- Promotional poster
- Genre: Musical Romantic comedy Live television
- Based on: Grease (musical) Grease (film)
- Written by: Robert Cary; Jonathan Tolins;
- Directed by: Thomas Kail; Alex Rudzinski;
- Presented by: Mario Lopez
- Starring: Julianne Hough; Aaron Tveit; Vanessa Hudgens; Keke Palmer; Carly Rae Jepsen; Mario Lopez; Carlos PenaVega; Kether Donohue; Jordan Fisher; David Del Rio; Elle McLemore; Andrew Call; Wendell Pierce;
- Country of origin: United States
- Original language: English

Production
- Executive producer: Marc Platt;
- Producers: Greg Sills; Adam Siegel; Kenneth Ferrone; Zach Woodlee;
- Production locations: Warner Bros., Burbank, California
- Running time: 130 minutes
- Production companies: Paramount Television; Marc Platt Productions;
- Budget: US$16 million

Original release
- Network: Fox
- Release: January 31, 2016

= Grease Live! =

2016 American television special of the 1971 musical of the same name

Grease Live! is an American television special that was originally broadcast by Fox on January 31, 2016. It is a live televised remake of the 1978 film of the same name, executive produced by Marc Platt, written by Robert Cary and Jonathan Tolins, directed by Thomas Kail and Alex Rudzinski, and starring Julianne Hough, Aaron Tveit, Vanessa Hudgens and Carlos PenaVega.

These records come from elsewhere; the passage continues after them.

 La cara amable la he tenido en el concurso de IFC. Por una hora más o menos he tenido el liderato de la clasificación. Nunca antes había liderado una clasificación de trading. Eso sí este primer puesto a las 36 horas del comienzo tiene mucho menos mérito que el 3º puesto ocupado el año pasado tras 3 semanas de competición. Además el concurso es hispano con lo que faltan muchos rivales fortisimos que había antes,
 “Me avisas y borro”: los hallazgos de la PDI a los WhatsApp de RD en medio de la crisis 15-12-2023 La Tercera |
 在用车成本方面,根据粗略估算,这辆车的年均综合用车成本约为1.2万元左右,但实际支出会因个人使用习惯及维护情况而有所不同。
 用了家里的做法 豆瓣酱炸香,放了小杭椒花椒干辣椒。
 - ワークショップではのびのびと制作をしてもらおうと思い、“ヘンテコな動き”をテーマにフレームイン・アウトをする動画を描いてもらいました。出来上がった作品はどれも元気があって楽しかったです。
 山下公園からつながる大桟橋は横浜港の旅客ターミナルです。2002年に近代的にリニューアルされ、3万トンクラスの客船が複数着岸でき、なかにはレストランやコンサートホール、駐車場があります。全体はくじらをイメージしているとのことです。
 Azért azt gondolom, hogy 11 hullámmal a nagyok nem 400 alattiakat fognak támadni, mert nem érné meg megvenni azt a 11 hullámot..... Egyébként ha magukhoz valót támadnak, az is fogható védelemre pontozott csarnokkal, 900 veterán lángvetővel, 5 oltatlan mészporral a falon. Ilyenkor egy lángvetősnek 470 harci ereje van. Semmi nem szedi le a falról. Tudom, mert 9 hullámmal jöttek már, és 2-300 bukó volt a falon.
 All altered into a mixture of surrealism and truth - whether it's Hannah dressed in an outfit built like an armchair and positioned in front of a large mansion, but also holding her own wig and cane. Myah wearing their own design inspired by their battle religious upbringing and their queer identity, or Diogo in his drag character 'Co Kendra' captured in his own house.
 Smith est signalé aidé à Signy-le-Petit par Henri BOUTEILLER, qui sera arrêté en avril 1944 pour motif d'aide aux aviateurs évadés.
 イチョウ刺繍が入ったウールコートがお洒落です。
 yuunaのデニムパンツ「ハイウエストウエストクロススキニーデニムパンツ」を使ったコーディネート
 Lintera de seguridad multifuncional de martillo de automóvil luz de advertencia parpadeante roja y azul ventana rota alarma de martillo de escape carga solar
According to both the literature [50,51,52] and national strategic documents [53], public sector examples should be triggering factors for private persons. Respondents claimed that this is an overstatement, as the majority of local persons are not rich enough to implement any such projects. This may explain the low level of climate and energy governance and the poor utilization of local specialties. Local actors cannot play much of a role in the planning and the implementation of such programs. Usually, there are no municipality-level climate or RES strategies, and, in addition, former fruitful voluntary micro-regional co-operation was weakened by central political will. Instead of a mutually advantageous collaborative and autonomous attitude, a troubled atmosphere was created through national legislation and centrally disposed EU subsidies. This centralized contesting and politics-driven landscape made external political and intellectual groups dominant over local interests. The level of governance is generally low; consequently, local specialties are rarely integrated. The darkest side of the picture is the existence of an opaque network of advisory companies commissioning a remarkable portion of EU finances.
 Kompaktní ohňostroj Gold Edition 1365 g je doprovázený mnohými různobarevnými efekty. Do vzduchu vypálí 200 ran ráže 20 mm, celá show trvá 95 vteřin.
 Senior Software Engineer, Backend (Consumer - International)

Patterned on similar live television musicals recently produced by NBC, the production incorporated elements and songs from both the original stage musical and the 1978 film version of Grease, as well as additional songs that were not present in either. In an effort to emulate the "energy" of a theatrical setting, live audiences were incorporated into the production's stagings. Grease Live was broadcast from Warner Bros. Studios, utilizing two soundstages and the studio's outdoor backlot—the usage of the latter was notably affected by rain in the Los Angeles area on the day of the broadcast.

Critical reception was positive, with particular praise to the overall atmosphere and production style of the presentation, as well as the performances of the cast, particularly Hudgens as Betty Rizzo—the special was dedicated in the memory of Hudgens' father Greg, who had died from cancer one day before the broadcast. The special was nominated for ten Primetime Emmy Awards and won a total of five, including Outstanding Special Class Program.

==History==

===Announcement and casting===
On April 28, 2014, Fox announced that it had partnered with Paramount Television to produce a live, three-hour televised adaptation of the 1978 musical Grease in 2015. The move came in the wake of similar live musical adaptations that had been produced by NBC, such as The Sound of Music Live! and Peter Pan Live!.

On January 17, 2015, Fox officially announced that Julianne Hough had been cast as Sandy and Vanessa Hudgens as Rizzo and that the special would air on January 31, 2016. Entertainment Weekly reported that the special had been delayed from its original target of Summer 2015 due to difficulties in the casting process. On May 28, 2015, it was announced that Keke Palmer would join the broadcast as Marty Maraschino, one of the Pink Ladies. On July 9, it was announced that Aaron Tveit would star as Danny Zuko in the live TV broadcast, and Carlos PenaVega would play the role of Kenickie. On September 30, 2015, it was announced that Carly Rae Jepsen, Kether Donohue, and David Del Rio would play Frenchy, Jan, and Putzie, respectively. On November 6, it was announced that Jordan Fisher, Andrew Call and Yvette Gonzalez-Nacer would join the cast as Doody, Sonny and Cha-Cha, respectively.

===Production===
Director Thomas Kail envisioned Grease Live as being a "combination" of elements from the original musical and the 1978 film version of Grease. For instance, the production incorporated songs that were created for the film version, such as a performance of its theme song "Grease (Is The Word)" by Jessie J, "You're the One That I Want", and "Hopelessly Devoted to You", as well as songs that were exclusive to the stage version, such as "Freddy, My Love" and "Those Magic Changes". Kail explained that "very early on as I started imagining what this could be, talking to Marc Platt, our executive producer, and the folks at Paramount, one of the things we really were very focused on was trying to capture the spirit of both the original companies of Grease and that film that has left such an indelible impression on all of us. To try to honor that and pay homage to something that has moved us and we have such a great affection for, and then try to make our own version of it."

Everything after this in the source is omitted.